- _TASK REQUIREMENTS_
I need the lines below from the one with "Edelsteine: 2 Smaragde" down to the one with "2019年1月31日,上海,張子楓現(x" reproduced exactly, both ends included, and nothing else.

──────── MATERIAL TO PROCESS ────────

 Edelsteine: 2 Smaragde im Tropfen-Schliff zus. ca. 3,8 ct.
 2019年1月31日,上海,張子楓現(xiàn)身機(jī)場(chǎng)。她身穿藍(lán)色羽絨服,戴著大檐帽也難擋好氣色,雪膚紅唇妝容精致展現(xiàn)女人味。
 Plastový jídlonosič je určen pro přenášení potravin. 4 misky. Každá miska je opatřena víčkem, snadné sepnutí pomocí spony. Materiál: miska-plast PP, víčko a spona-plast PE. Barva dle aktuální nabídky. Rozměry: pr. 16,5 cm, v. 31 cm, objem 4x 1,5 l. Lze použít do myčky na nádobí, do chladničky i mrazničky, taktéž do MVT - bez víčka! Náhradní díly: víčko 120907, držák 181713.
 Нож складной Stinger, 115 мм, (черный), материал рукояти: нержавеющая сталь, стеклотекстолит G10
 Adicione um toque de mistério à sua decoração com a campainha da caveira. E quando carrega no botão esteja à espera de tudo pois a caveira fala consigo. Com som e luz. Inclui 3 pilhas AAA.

────────
──────── MATERIAL TO PROCESS ────────

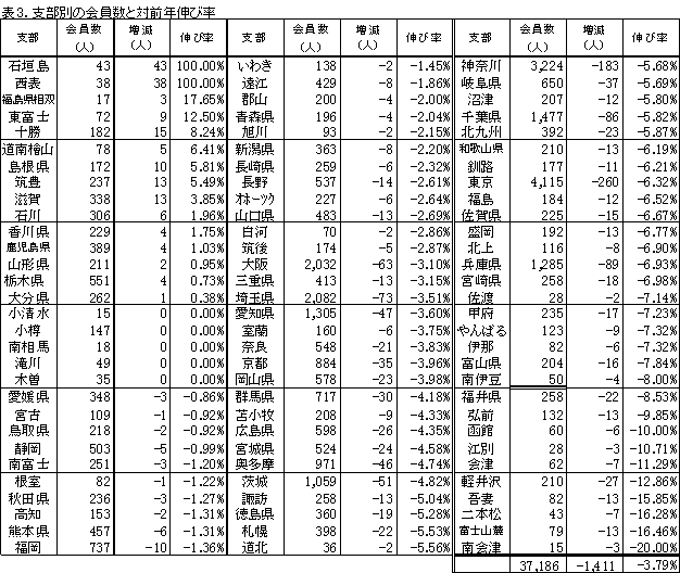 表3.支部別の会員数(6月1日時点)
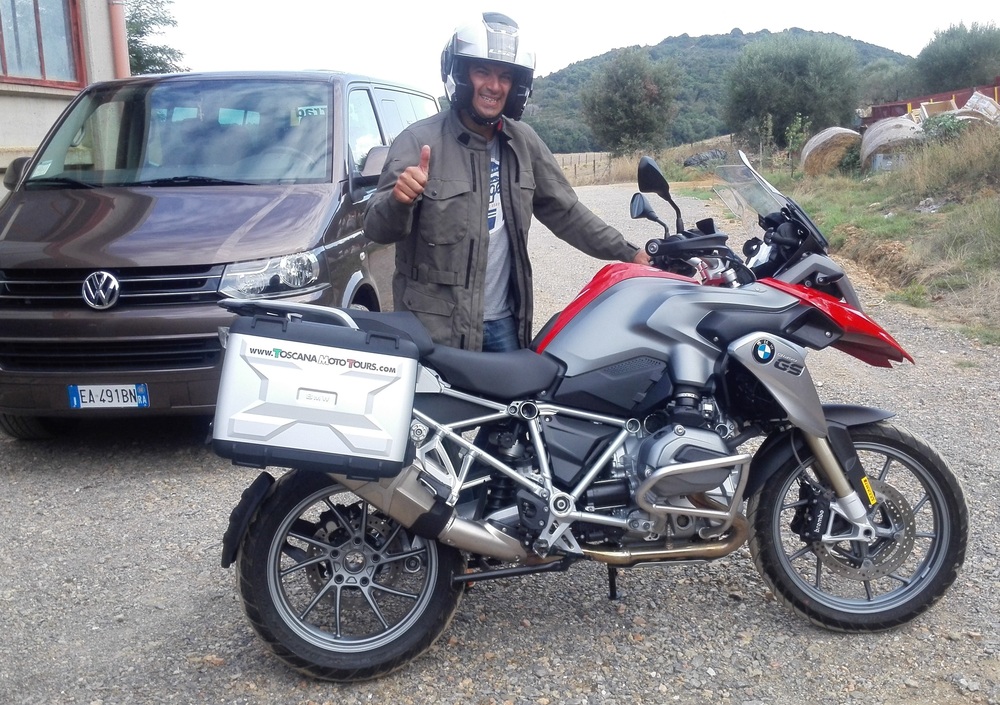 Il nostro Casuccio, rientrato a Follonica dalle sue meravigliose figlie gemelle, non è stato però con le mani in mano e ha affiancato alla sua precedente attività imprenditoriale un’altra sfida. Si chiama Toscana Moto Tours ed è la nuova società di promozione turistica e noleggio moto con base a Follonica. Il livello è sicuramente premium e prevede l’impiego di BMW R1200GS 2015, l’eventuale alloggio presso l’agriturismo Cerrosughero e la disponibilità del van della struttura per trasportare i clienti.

────────

- _FINISHED EXERCISE_
 Edelsteine: 2 Smaragde im Tropfen-Schliff zus. ca. 3,8 ct.
 2019年1月31日,上海,張子楓現(xiàn)身機(jī)場(chǎng)。她身穿藍(lán)色羽絨服,戴著大檐帽也難擋好氣色,雪膚紅唇妝容精致展現(xiàn)女人味。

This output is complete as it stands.